Someone had lit all the kerosene lanterns in the bunkhouse, but I couldn’t see anything at the center of Elzy’s wound. I tore another handful of cloth and dunked it in the whiskey water. Then I gave Elzy a sip from the bottle.

“This is going to sting,” I said, and began to wipe the old blood from the wound.

Elzy cried out, high and loud, that animal sound that comes from hurting bodies, but the wound was clean and I could see the lead glinting in the flesh. I knew an artery ran from the shoulder down to the elbow; if the knife slid wrong I would cut it open and she would die. Slowly I pressed the very tip against the metal. I could feel the bullet begin to shift, but Elzy screamed again and jerked away, and the knife sliced a new cut across the flesh of her upper arm. I waited for a moment without breathing, but the cut only trickled blood; the artery was safe.

“Hold her still,” I said to whoever would help me, and Agnes Rose stepped in to hold Elzy’s arm.

I washed the wound again, and again tried to pry the bullet loose. Again Elzy screamed, but Agnes Rose held her fast. I felt the bullet give but not give way, and when I pressed harder, the knife point slid off into the flesh. I felt Elzy’s howl at the bottom of my gut.

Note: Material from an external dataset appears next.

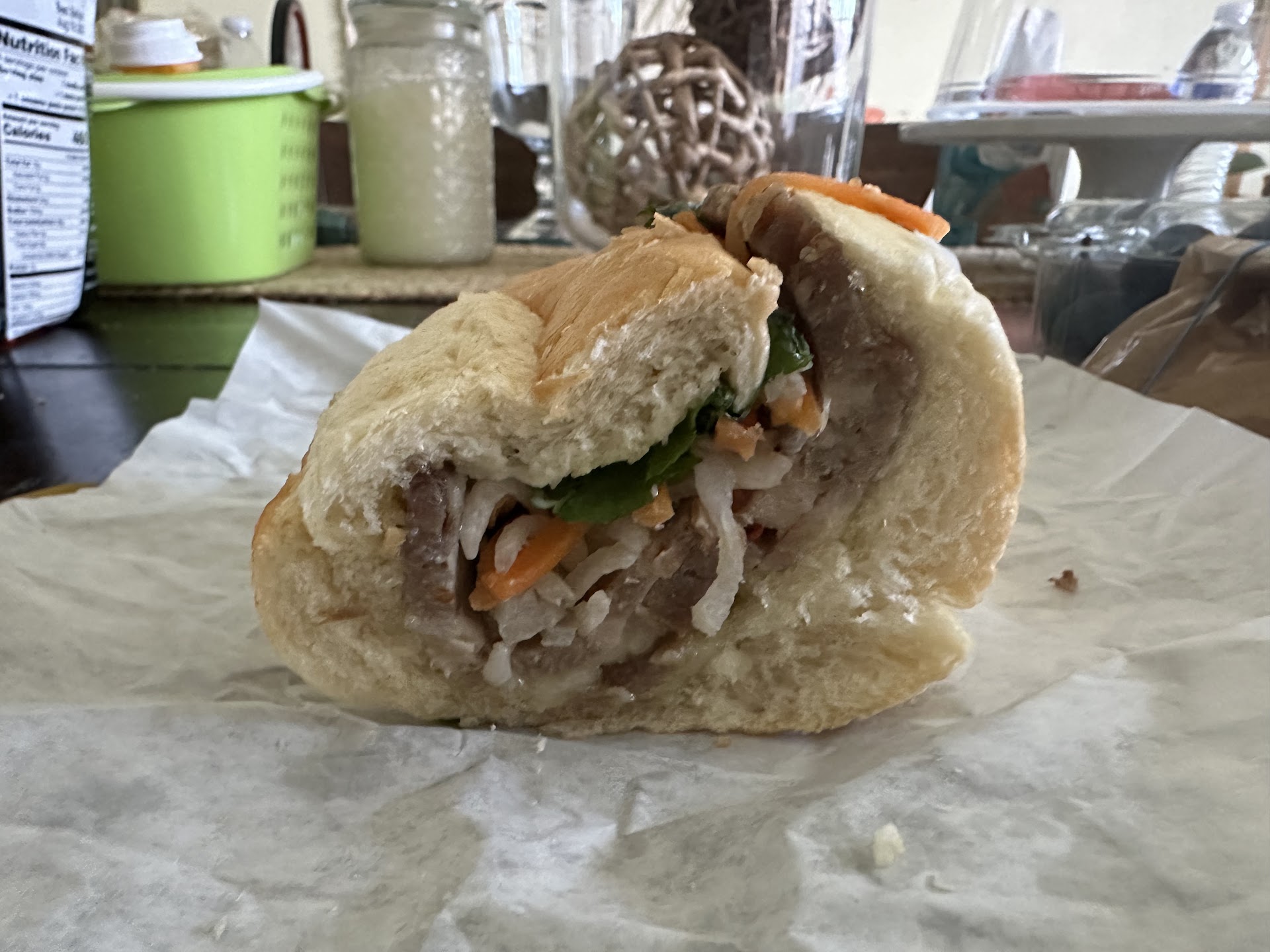 Service-wise, eh, it's just a sandwich shop. They also have pho and other offerings which I didn't try. OH! And they have some of those awesome dessert drinks ($1.50?). The ones with the squiggly fishing lures-looking things with coconut milk....

I handed the knife to Agnes Rose and wiped my hands again with whiskey water.

“I’m going to try to get it out with my fingers,” I said more to myself than to anyone else.

My hands were shaking. I knew I was almost as likely to kill Elzy as to save her. Then I would have two deaths on my conscience in a single day. I swallowed hard. I knew what Mama would have done.

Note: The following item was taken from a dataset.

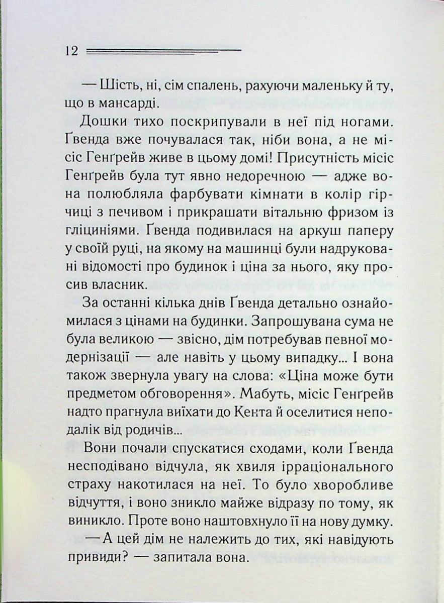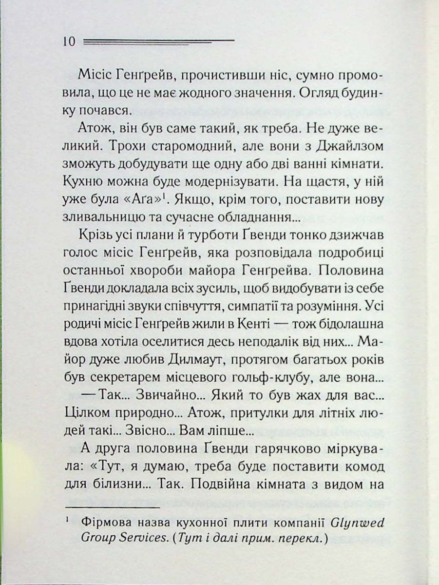 Ґвенда була дуже щаслива, коли вони з чоловіком придбали чудовий будиночок у курортному містечку. Такий тихий, затишний і вже рідний. Однак дивні спогади спливають у пам’яті, коли вона ходить своєю оселею, чує скрип сходів. Її охоплює пекельний жах, бо ось там, на підлозі, вона бачила тіло жінки і руки, що її душили! Невже Ґвенда божеволіє? Міс Марпл впевнена, що дівчина не безумна і колись у цьому будинку справді сталося вбивство. Вона радить молодятам не копирсатись у минулому й не накликати на себе небезпеку. Але ж хіба її послухали?..

I imagined the wagon driver standing in front of me. I imagined a bloodstain at the center of his chest and his eyes still open, full of sorrow and fear. I nodded. Then I took hold of the bullet and began to pull.

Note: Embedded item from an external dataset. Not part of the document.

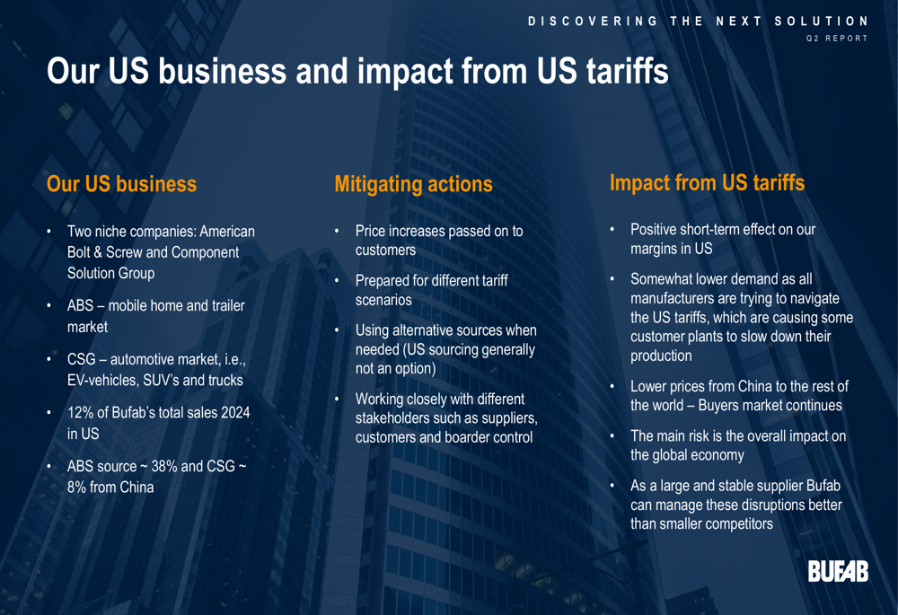 O negócio da Bufab nos EUA, que representa aproximadamente 12% das vendas totais, foi impactado por tarifas, mas implementou várias ações mitigadoras, incluindo aumentos de preços, preparação para diferentes cenários tarifários e uso de fornecimento alternativo quando necessário.

The bullet slid under my fingers. It slid and then it held. Elzy cried and her blood covered my hand.

In my head I recited what Sister Rose had whispered every night before we slept: “Mother Mary, shelter us, love us more than we deserve.”

I pulled again and now I felt a new movement, and then the flesh gave up the lead with a wet sound and new bright blood filled the wound. It pooled but did not pulse; vein blood. I washed it away.

Elzy was still screaming, but with the bullet gone I felt a wave of power carrying me forward. Someone had already torn me a length of cotton. I washed the wound once more and wrapped it tight with many layers. Elzy’s face was wet with tears but I could feel relief buzzing in the room, almost like joy. It would last until I lay down in my bunk to sleep and remembered the way the driver’s father had cradled his body, just as he must have done the day he was born.





CHAPTER 5




After my failure at Sutton’s Gulch, the others were cold or outright hostile to me. At night, I heard Cassie trying to convince the Kid to send me away, but Elzy’s wound required my care. We were lucky—with daily applications of witch hazel and clean dressings the wound began to close, and the red border of infection I’d been anticipating with dread failed to materialize. Elzy wouldn’t look at me when I examined her, and only spoke if something hurt.

On the morning of the seventh day after I got Elzy shot, Agnes Rose came to visit me in the orchard. I’d taken to spending most of my time there since the others had made it clear I wasn’t welcome at the firepit, or in the bunkhouse, except to sleep or check on Elzy. When Agnes Rose came up the path I was rereading Mrs. Schaeffer’s book, the part about stillbirths and their possible causes.

“What do you know about sleeping tonics?” Agnes Rose asked.

The question made me nervous. I didn’t want to betray the Kid’s confidence.

“Are you having trouble sleeping?” I asked.

Agnes Rose rolled her eyes.

“It’s for a job,” she said. “When you came here, you said you could mix something to put a man to sleep. Was that just talk?”

The person who had spoken so confidently that night about her own abilities felt like a stranger to me now. But I still remembered what she knew.

“I can do it,” I said. “I just need some laudanum.”

The trading post was two days’ ride northwest of Hole in the Wall, on Lourdes Creek in the grasslands. Since it was Arapaho hunting ground there were no roadhouses, and when we stopped for the night near a small stream we saw the remains of other camps: eggshells, the charred leavings of a fire, human shit poorly covered in dirt.